Excavations, artifact analysis,
historical research, and digital archaeology to reconstruct 18th-century life
on the Pennsylvania frontier.
Hanna’s Town was the first English
county seat west of the Allegheny Mountains and the source of the Hanna’s Town
Resolves—a precursor to the Declaration of Independence and the first such
document in the American colonies. Hanna’s Town was founded circa 1769 by
Robert Hanna and prospered for a generation as a regional economic and
political center. In the late 1770s, the town contained approximately 30 homes
and vied with Pittsburgh for regional importance. Hanna’s Town was destroyed in
1782 by a contingent of British and Native American soldiers. The town never
recovered, and by the early 19th century the site had become a farm field.
Archaeology at the site began in 1969 when the town location was acquired by
Westmoreland County. The site offers a unique view of Western Pennsylvania at
an important time in American history.
IUP has been working at the site
since 2011 in partnership with the Westmoreland County Historical Society. The Anthropology Department has held two archaeological
field schools at Hanna’s Town, and there are currently several MA theses being
conducted using artifacts from the town. Four decades of previous excavations
have generated a rich data source of nearly one million artifacts and several
shelves of records. Dr.
Ben Ford is working with students to digitize these records so that they
can be studied and made accessible to other researchers.

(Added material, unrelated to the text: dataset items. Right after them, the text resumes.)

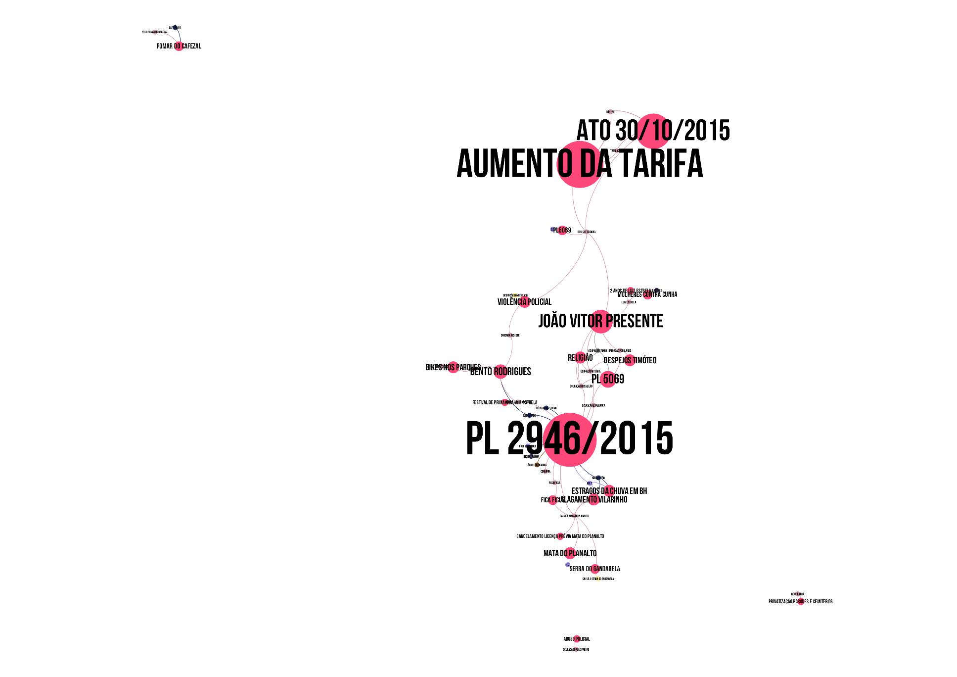 Em setembro de 2015 a Segunda Ocupação da Câmara Municipal, promovida por ativismos ligados à questão do transporte, conseguiu mobilizar grupos ligados à diferentes temáticas, como vemos na Figura 4. A ação tinha como pauta principal a realização de uma Audiência Pública para discutir os aumentos ilegais da tarifa do ônibus ocorridos naquele mesmo mês. Por outro lado, assuntos de menos expressividade ficaram contidos a grupos de mesma temática, como é possível observar no caso das ocupações urbanas para fins de moradia à esquerda, mobilizadas em torno de temáticas como os despejos das ocupações urbanas Canaã (em Contagem) e Macuco, Recanto Verde e Limoeiro (em Timóteo).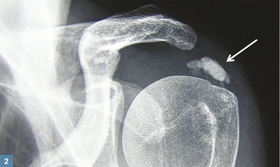 Le rhumatisme apatitique est la conséquence de dépôts de cristaux de phosphate de calcium basique, qui sont normalement présents dans l’os et la dentine. Ils sont essentiellement localisés en péri-articulaire, parfois au rachis, plus rarement dans les articulations, surtout au niveau de l’épaule (60 % des cas ; fig. 2 ), du coude et du poignet. En cas de dépôts sur plusieurs sites, on parle de « maladie des calcifications tendineuses multiples », à l’origine de douleurs chroniques polyarticulaires.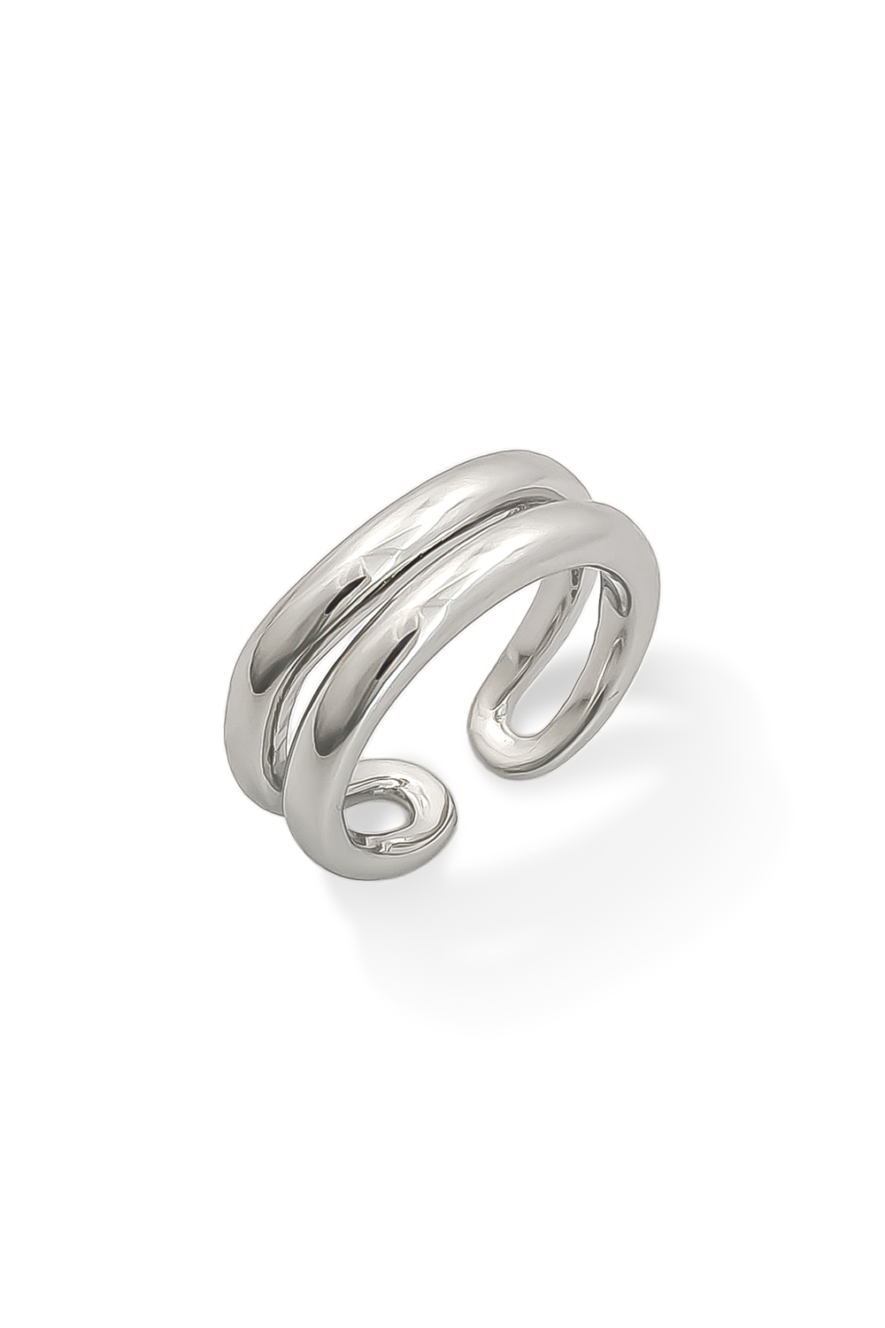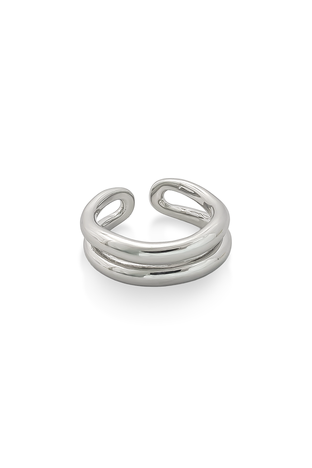 ANILLO AJUSTABLE CON BAÑO EN PLATA DOBLE LÍNEA TEXTURA LISA
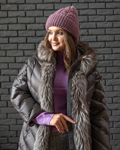 Шапка-бини с узором из кос отлично сочетается как с курткой, так и с пальто классического кроя. Изюминка модели - аккуратный металлический лейбл STERN. Модель универсальна и украсит любой овал лица. Теплая и приятная смесовая пряжа.

The collection has the potential to
shed light on the lives of frontier inhabitants of various classes,
ethnicities, ages, and genders. Hanna’s Town is an important historical and
archaeological site that is poorly understood. The goal of the Hanna’s Town
project is to synthesis the enormous dataset to better understand life in
colonial Pennsylvania, and to use this information to better interpret the site
to the public.
Images, from top to bottom: 2013 archaeological field school at Historic Hanna's Town, note the reconstructed fort to the right; Artist's reconstruction of Hanna's Town circa 1775; Student excavators interpreting the archaeology to site visitors.